- Countries: France
- Date: 6 September 2025 – 27 June 2026
- Champions: Toulouse (25th title)
- Runners-up: Montpellier
- Relegated: Montauban
- Matches played: 188
- Attendance: 3,212,877 (average 17,090 per match)
- Top point scorer: Harry Plummer, Clermont (295)
- Top try scorer: Jiuta Wainiqolo, Clermont (18)

= 2025–26 Top 14 season =

French rugby union season

The 2025–26 Top 14 season was the 127th French domestic rugby union club competition operated by the Ligue Nationale de Rugby (LNR). Toulouse retained the championship, their fourth title in a row.

== Format ==
The top six teams at the end of the regular season (after all the teams played one another twice, once at home, once away) enter a knockout stage to decide the Champions of France. This consists of three rounds: the teams finishing third to sixth in the table play quarter-finals (hosted by the third and fourth placed teams). The winners then face the top two teams in the semi-finals, with the winners meeting in the final at the Stade de France in Saint-Denis. The LNR uses a slightly different bonus points system from that used in most other rugby competitions. It trialled a new system in 2007–08 explicitly designed to prevent a losing team from earning more than one bonus point in a match, a system that also made it impossible for either team to earn a bonus point in a drawn match. LNR chose to continue with this system for subsequent seasons.

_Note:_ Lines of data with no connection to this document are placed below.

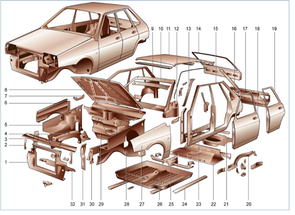 Рис. 2.1.2. Детали каркаса кузова: 1 – панель рамки радиатора; 2 – кронштейн крепления блок-фары; 3 – верхняя поперечина рамки радиатора; 4 правый передний лонжерон; 5 – правый брызговик переднего крыла; 6 – правое переднее крыло; 7 – соединитель рамы ветрового окна и боковины; 8 капот; 9 – правая наружная панель боковины; 10 – рама ветрового окна; 11 – панель крыши; 12 – арка заднего колеса; 13 – внутренняя стойка рамы ветрового окна; 14 – дверь задка; 15 – левая наружная панель боковины; 16 – желобок проема двери задка; 17 – панель задка; 18 – передняя дверь; 19 – задняя дверь; 20 – задний лонжерон пола; 21 задний пол; 22 – средний пол; 23 – нижняя накладка боковины; 24 – усилитель пола под установку домкрата; 25 – передняя поперечина пола; 26 – передний пол; 27 – левое переднее крыло; 28 – левый брызговик переднего крыла; 29 – щиток передка; 30 – левый передний лонжерон; 31 – стойка рамки радиатора; 32 – нижняя поперечина рамки радиатора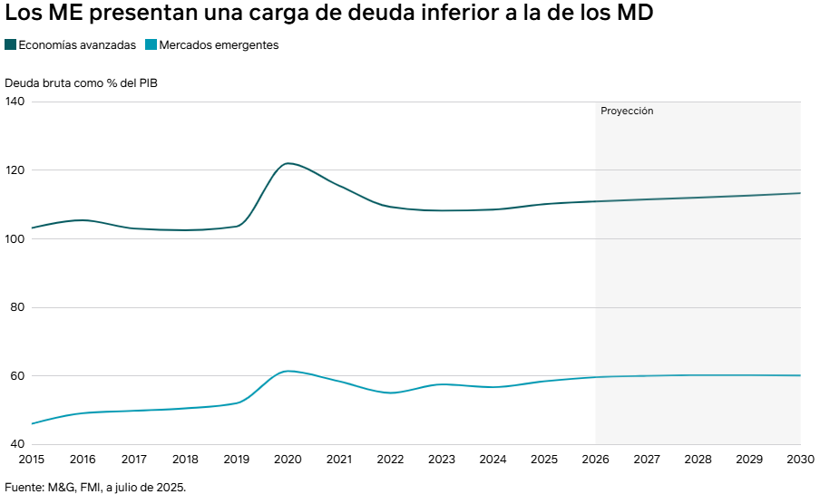 Los bancos centrales del universo emergente no son los únicos en haber dado la vuelta a la situación. Los gobiernos de estos países comienzan a caracterizarse por su estabilidad y por la implementación de políticas fiscales prudentes, en un momento en que los MD se ven cada vez más acosados por problemas presupuestarios. El ratio de deuda/PIB medio en las economías emergentes y de renta media es del 73 %, considerablemente inferior al 110 % de las avanzadas7. Unos niveles de endeudamiento estables crean un colchón que permite absorber conmociones globales, y los ME parecen cada vez más resilientes.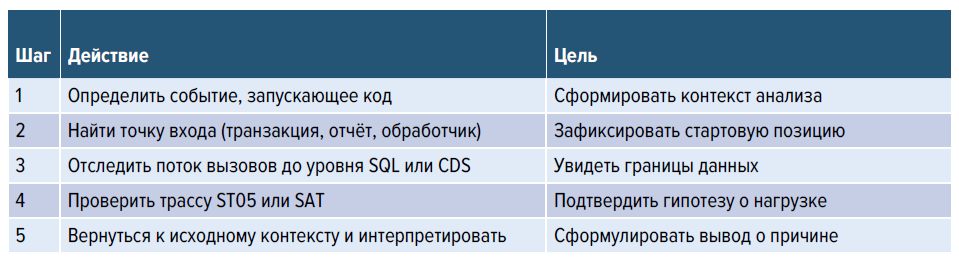 Иногда эффективнее идти обратным маршрутом — от результата к причине. Если, например, отчёт возвращает неверное количество записей, поиск можно начать с анализа SQL-трассы: какой запрос реально выполнялся, какие таблицы были задействованы, какие фильтры применялись. Такой подход уменьшает шум, потому что читатель работает с фактами исполнения, а не с предположениями о структуре программы.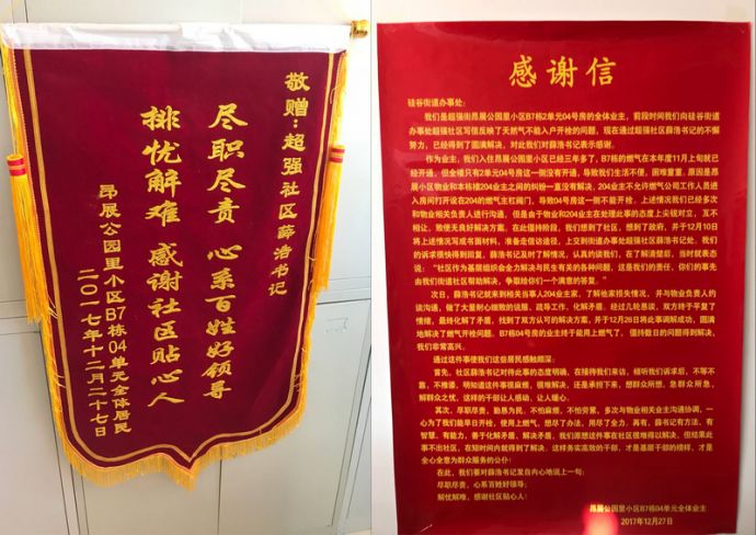 1月2日,昂展公园里小区居民代表为感谢超强社区心系居民,为居民排忧解难,将锦旗和感谢信送到硅谷街道党办,对超强社区党总支书记薛浩为居民办实事,解决小区天然气开栓问题表示由衷的感谢。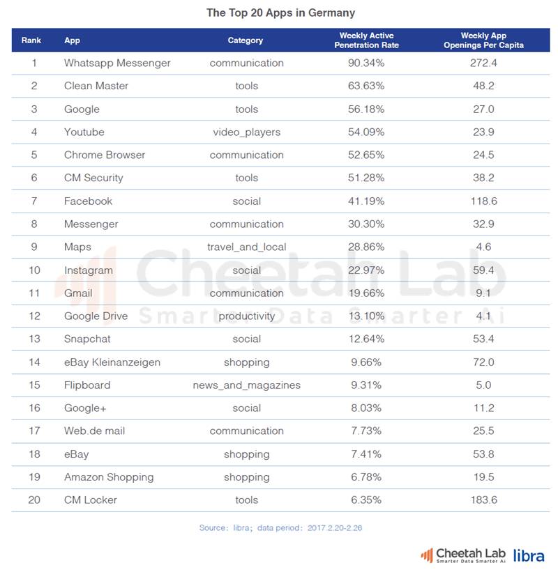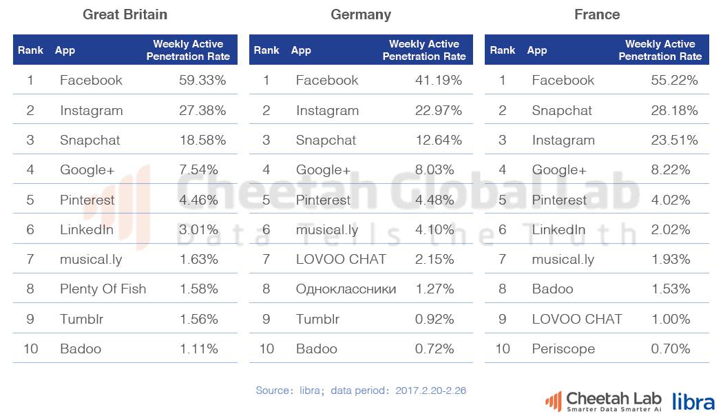 英国、德国、法国的社交应用排行榜前十名中,美国企业的产品占据了前五的位置,表现突出。而本土企业的表现普遍不佳。这可能是因为本土企业未能及时预见到社交功能的新趋势,也可能是因为它们在推广资金上的不足。另外,在社交创新领域,它们似乎也与美国企业存在一定的差距。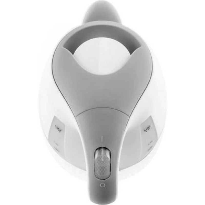 | Funkcijas Grozāma pamatne Automātiska izslēgšanās Aizsardzība pret tējkannas ieslēgšanu, kad tā ir tukša Neslīdošas pēdiņas Ieslēgšanas-izslēgšanas slēdzis Gatavības signāls Strāvas indikators Pildīšana caur vāku un snīpi Tehniskie dati Jauda: 2200 W Strāvas padeve: 220-240V 50-60Hz Tilpums: 1,7L Sildītāja tips: plakans, slēpts Iebūvēts filtrs Automātiska izslēgšanās, kad ūdens vārās Kabeļa uzglabāšana Kabeļa garums: 0,75 m |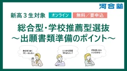 河合塾は、新高校3年生とその保護者向けオンラインセミナー「総合型・学校推薦型選抜~出願書類準備のポイント~」を2月23日に無料開催する。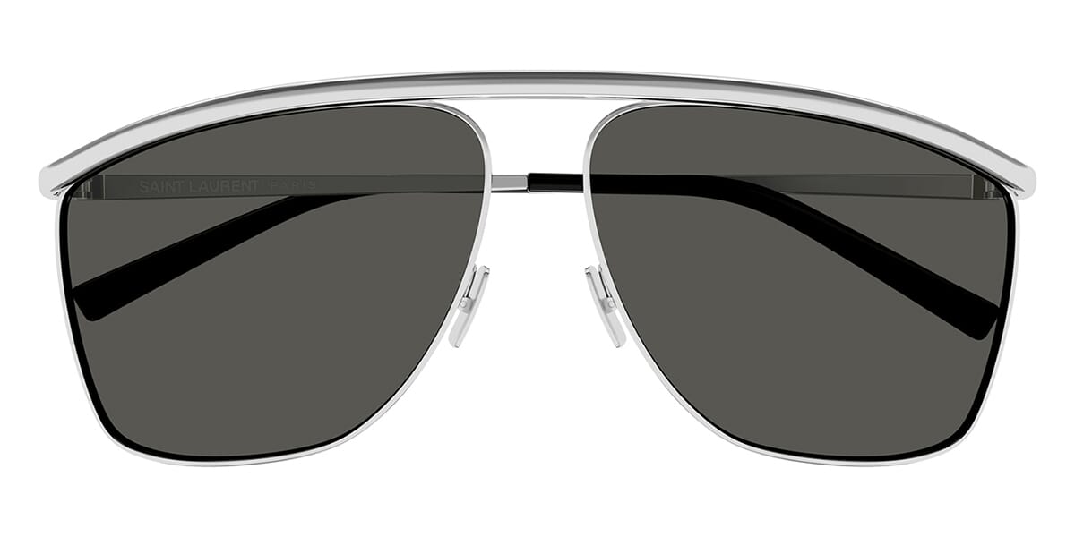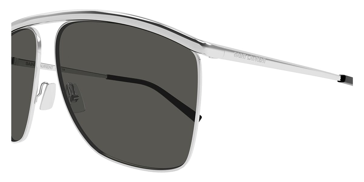 This aviator Saint Laurent sunglass comes in a shiny silver frame with grey with light mirror lenses.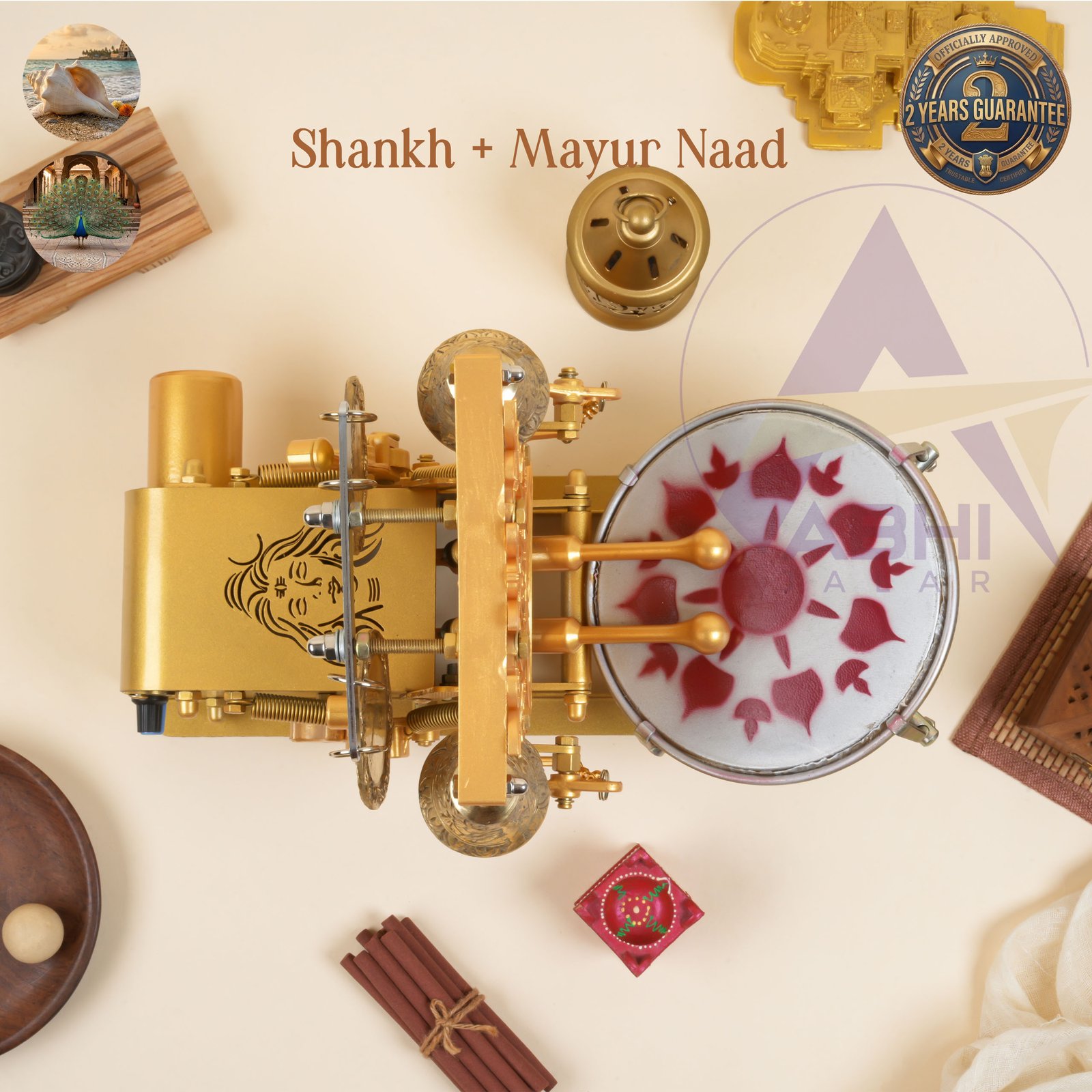 - Nagara Sound (Brass & Alloy): Small Arti Machine has The brass-alloy composition produces resonating sounds, which help create a peaceful, spiritually enriching environment.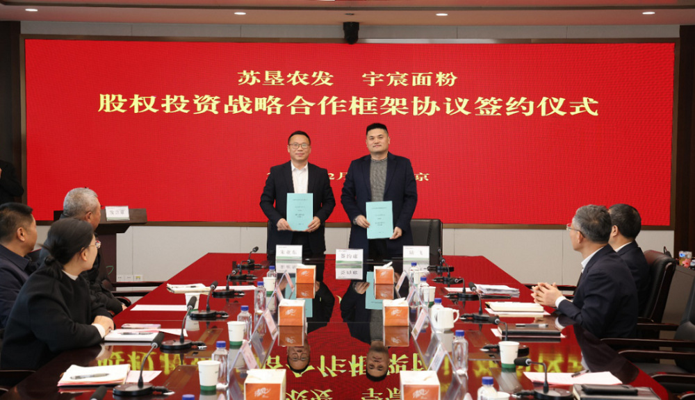 12月26日,蘇墾農(nóng)發(fā)與宇宸面粉股權(quán)投資戰(zhàn)略合作框架協(xié)議簽約儀式在南京舉行。集團(tuán)公司總經(jīng)濟(jì)師、蘇墾農(nóng)發(fā)黨委書(shū)記、董事長(zhǎng)朱亞?wèn)|和宇宸面粉董事長(zhǎng)陸飛分別進(jìn)行致辭。集團(tuán)公司黨委委員、蘇墾農(nóng)發(fā)總裁丁濤主持簽約儀式。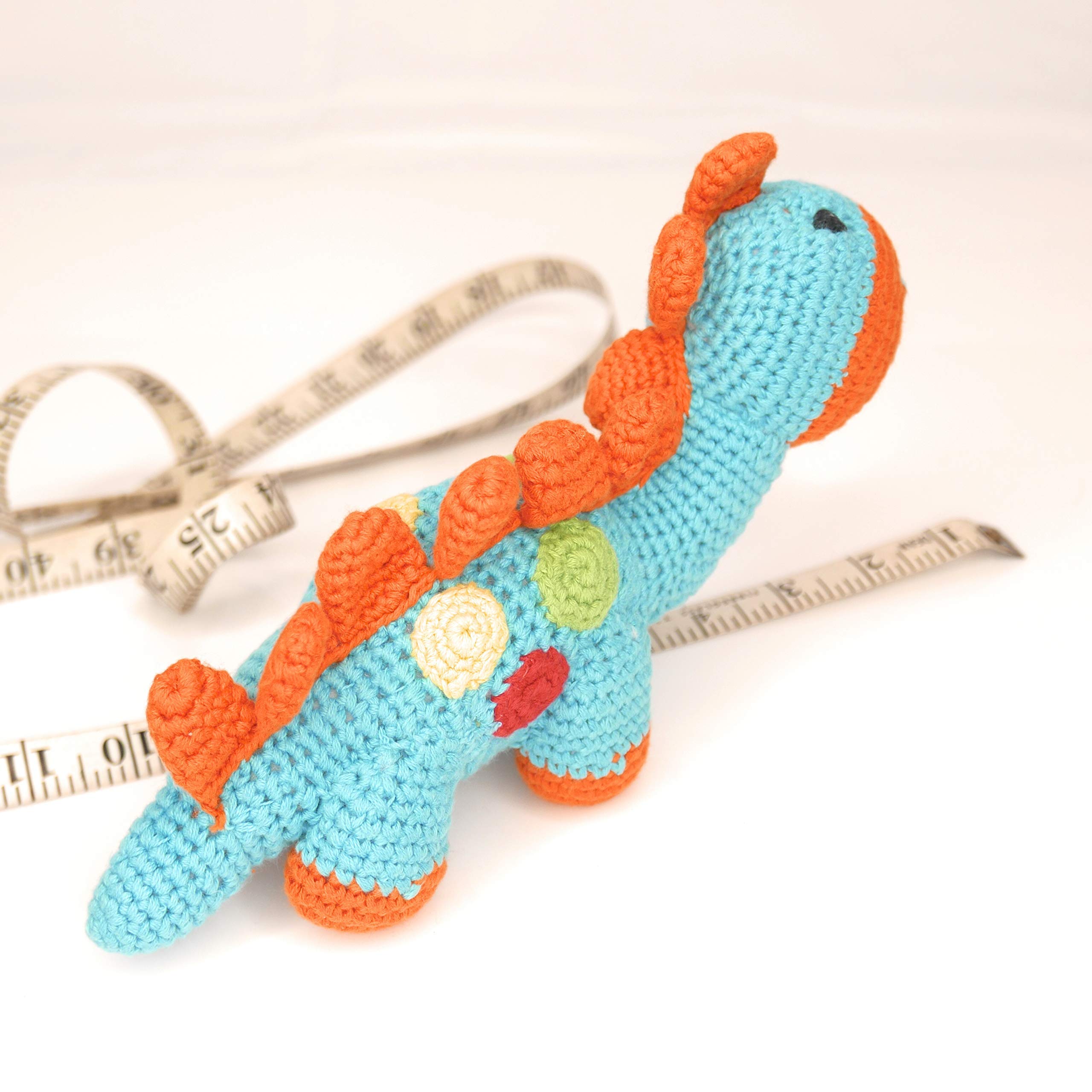 PEBBLE Dinosaur Rattle – Steggi Turquoise– Let your child’s imagination wander back to prehistoric times with this darling stegosaurus rattle. Bright turquoise with soft orange pointy spikes and green, red and yellow polka dots, this timeless handmade dinosaur toy makes a delightful gift for a baby shower or baby’s first birthday. Pebble– “Putting smiles on faces around the world!”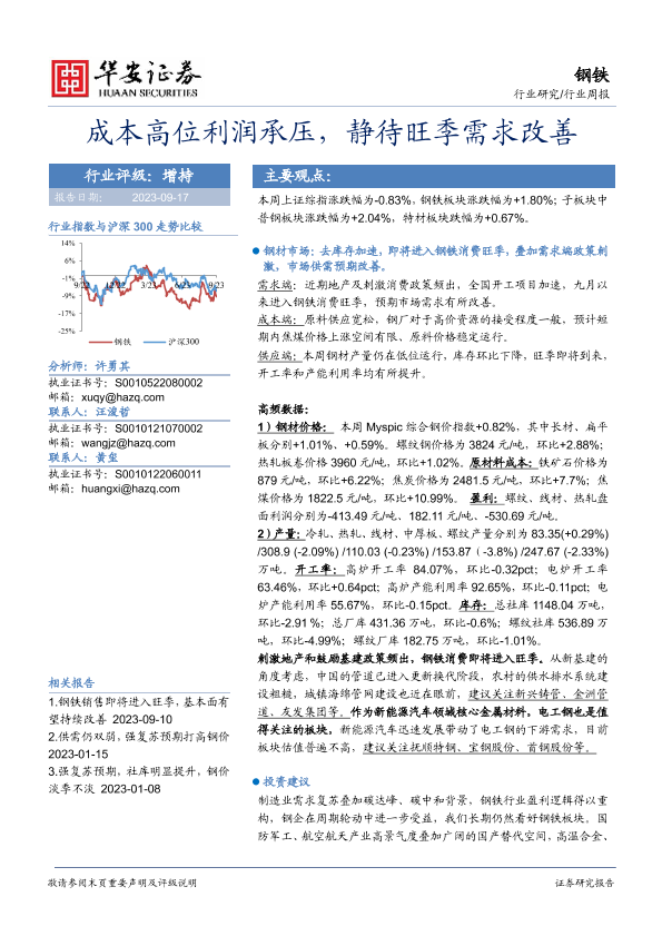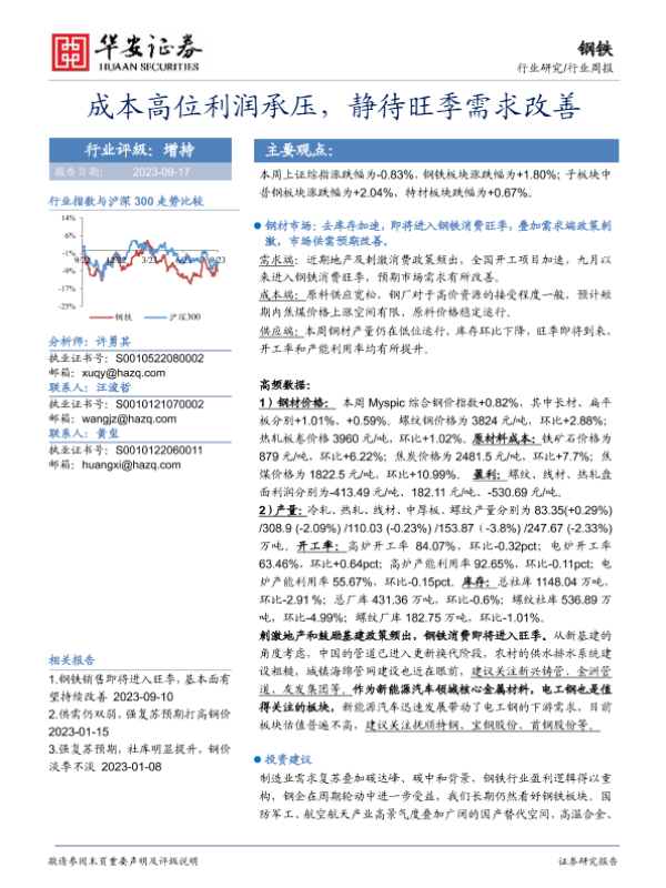 【华安证券】【20230917】20230917-华安证券-钢铁行业周报:成本高位利润承压,静待旺季需求改善-13页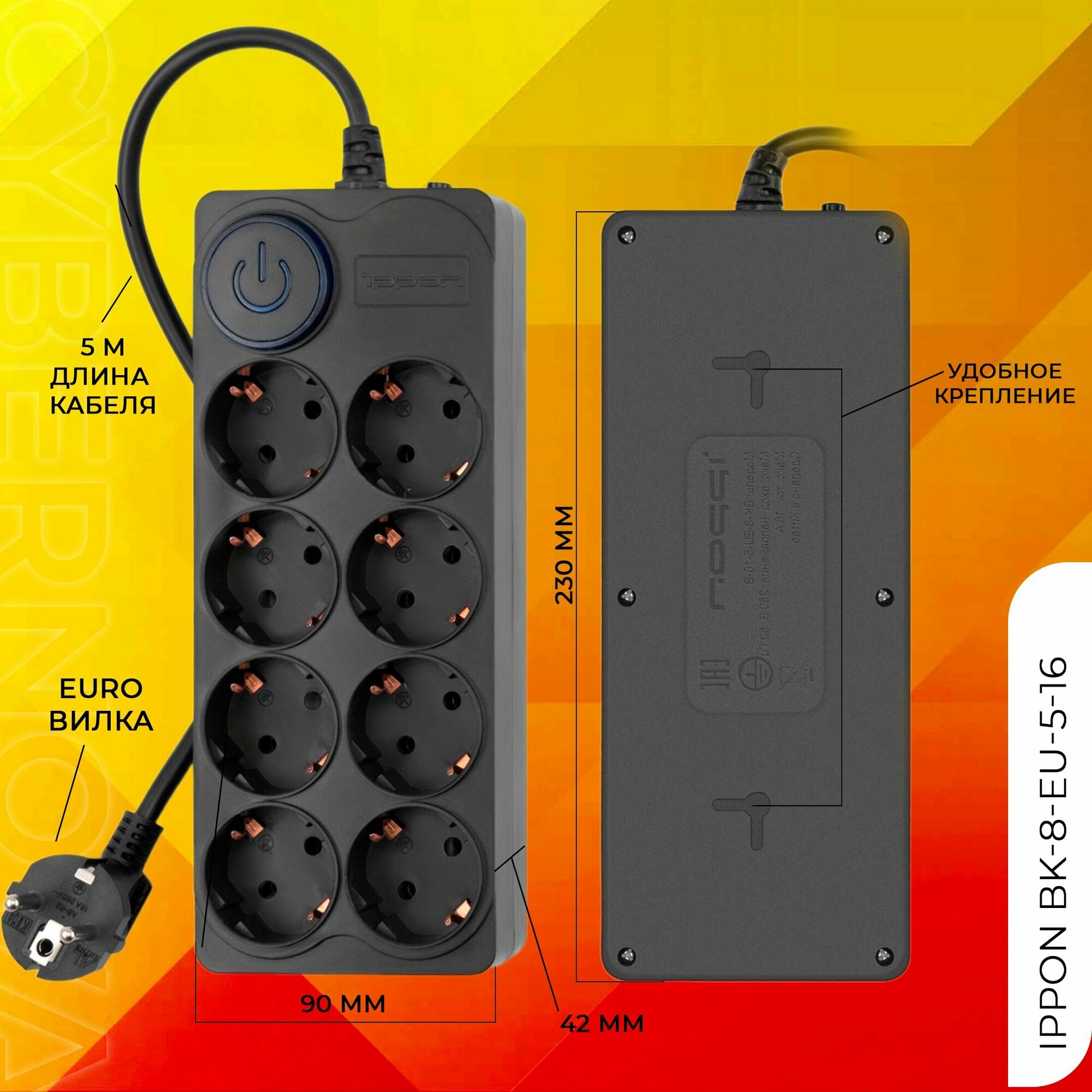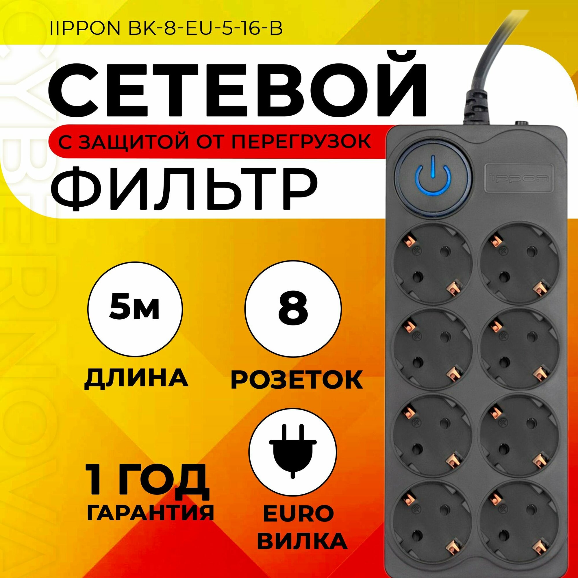 Сетевой фильтр Ippon BK-8-EU-5-16-B черный 5м (8 розеток) интересное: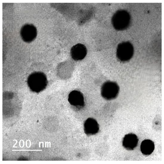 TEM analysis is a valuable method for conveying the findings of dynamic light scattering (DLS) in tandem with vesicle size as well as investigating the morphological characteristics of colloidal platforms. TEM analysis demonstrated the optimized MRZ-NVMs formulation as ebony specks, indicating vesicles with spherical shapes and sleek exteriors devoid of any conglomeration of MRZ particles, as seen in Figure 2. The image indicates the presence of vesicles at the same nanometer scale, suggesting a potential correlation with the VS as evaluated by the DLS approach. ZP indicates the stability of NVMs, as it shows the propensity of nano-paradigms to undergo agglomeration. The substantial magnitude of the negative results may be attributed to the involvement of ethanol and PL90G. The presence of ethanol modifies the overall surface charge, increasing vesicular charges’ stability via electrostatic repulsion, hence restricting their eventual aggregation [60]. In a similar manner, the phosphatidyl group of PL90G, which carries a negative charge, may be oriented towards the outer region, while the positively charged choline group could tilt towards the inner region. This arrangement would lead to a substantial magnitude of negative charges [61]. DSC and FT-IR results suggest that the components of the MRZ-NVMs optimized formulation are compatible, confirming no physical interactions were recorded; this is complementary to the physical stability study results.

France's bonus point system operates as follows:

- 4 points for a win.
- 2 points for a draw.
- 1 bonus point for winning while scoring at least 3 more tries than the opponent. This replaces the standard bonus point for scoring 4 tries regardless of the match result.
- 1 bonus point for losing by 5 points (or fewer). The margin had been 7 points until being changed prior to the 2014–15 season.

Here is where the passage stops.